TASK TO CARRY OUT:
Retype each entry exactly. Skip any pictures.

MATERIAL TO PROCESS:
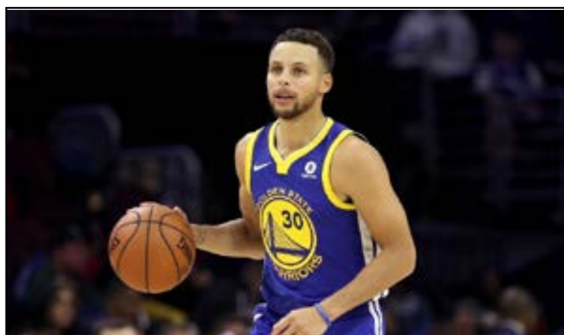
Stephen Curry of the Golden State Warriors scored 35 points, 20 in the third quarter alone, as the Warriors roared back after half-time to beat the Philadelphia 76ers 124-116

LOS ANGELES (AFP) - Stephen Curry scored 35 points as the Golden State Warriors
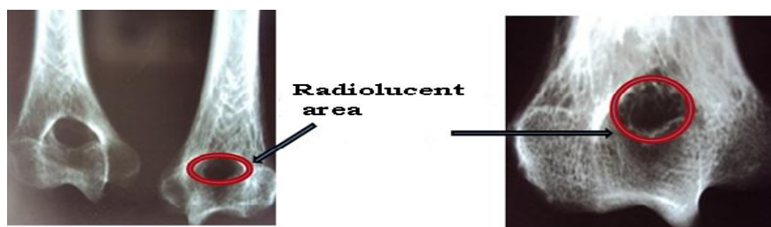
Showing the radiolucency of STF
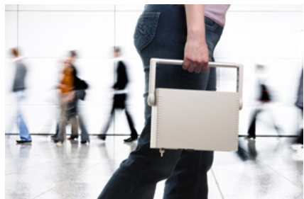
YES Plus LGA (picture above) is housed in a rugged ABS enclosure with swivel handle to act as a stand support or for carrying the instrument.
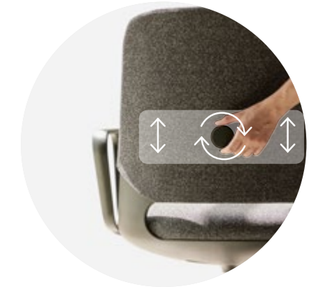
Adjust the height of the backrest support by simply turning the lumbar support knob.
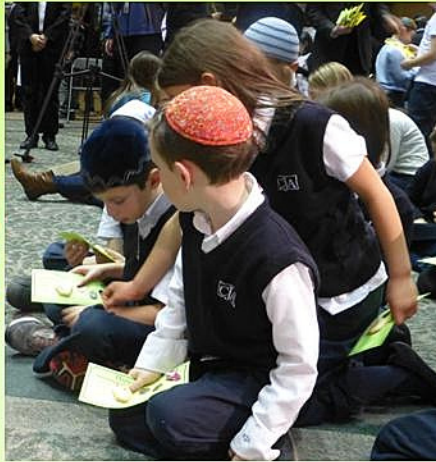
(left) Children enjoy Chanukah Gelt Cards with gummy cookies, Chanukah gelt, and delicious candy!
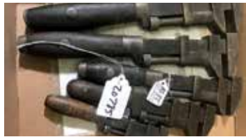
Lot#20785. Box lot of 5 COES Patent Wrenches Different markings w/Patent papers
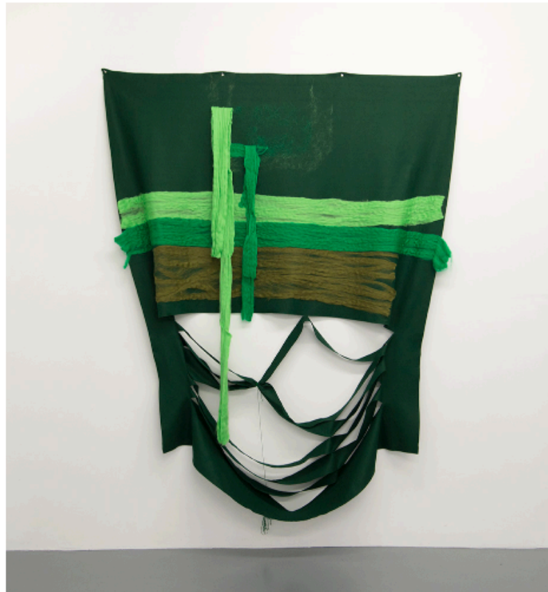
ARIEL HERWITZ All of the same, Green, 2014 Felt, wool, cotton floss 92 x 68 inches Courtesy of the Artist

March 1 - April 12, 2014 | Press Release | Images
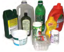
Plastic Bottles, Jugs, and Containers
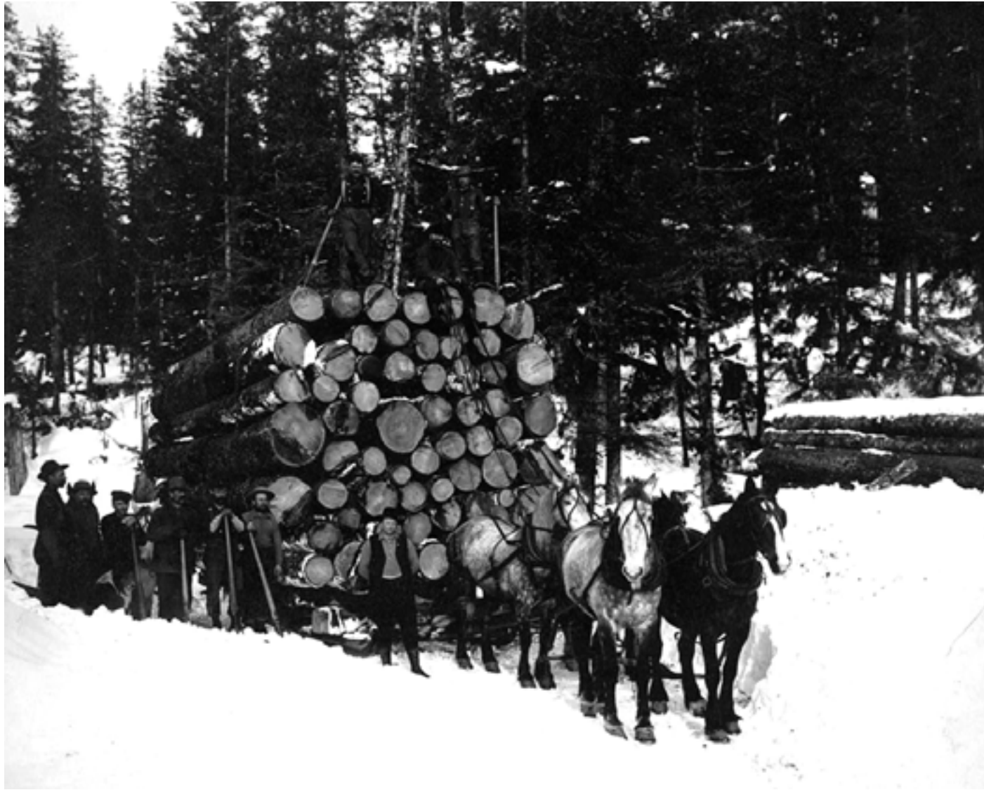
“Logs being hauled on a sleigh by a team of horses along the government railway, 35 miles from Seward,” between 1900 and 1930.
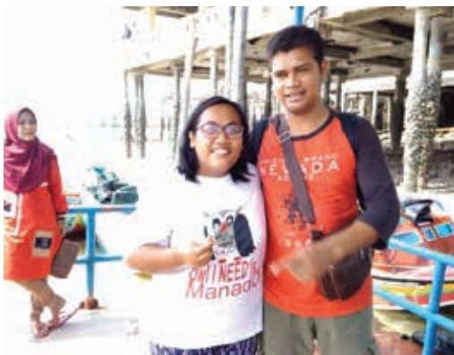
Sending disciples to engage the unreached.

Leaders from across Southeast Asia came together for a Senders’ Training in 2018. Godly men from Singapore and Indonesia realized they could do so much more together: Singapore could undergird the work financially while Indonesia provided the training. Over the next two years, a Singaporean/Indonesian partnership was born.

THE COMPLETED TASK:
Stephen Curry of the Golden State Warriors scored 35 points, 20 in the third quarter alone, as the Warriors roared back after half-time to beat the Philadelphia 76ers 124-116

LOS ANGELES (AFP) - Stephen Curry scored 35 points as the Golden State Warriors
Showing the radiolucency of STF
YES Plus LGA (picture above) is housed in a rugged ABS enclosure with swivel handle to act as a stand support or for carrying the instrument.
Adjust the height of the backrest support by simply turning the lumbar support knob.
(left) Children enjoy Chanukah Gelt Cards with gummy cookies, Chanukah gelt, and delicious candy!
Lot#20785. Box lot of 5 COES Patent Wrenches Different markings w/Patent papers
ARIEL HERWITZ All of the same, Green, 2014 Felt, wool, cotton floss 92 x 68 inches Courtesy of the Artist

March 1 - April 12, 2014 | Press Release | Images
Plastic Bottles, Jugs, and Containers
“Logs being hauled on a sleigh by a team of horses along the government railway, 35 miles from Seward,” between 1900 and 1930.
Sending disciples to engage the unreached.

Leaders from across Southeast Asia came together for a Senders’ Training in 2018. Godly men from Singapore and Indonesia realized they could do so much more together: Singapore could undergird the work financially while Indonesia provided the training. Over the next two years, a Singaporean/Indonesian partnership was born.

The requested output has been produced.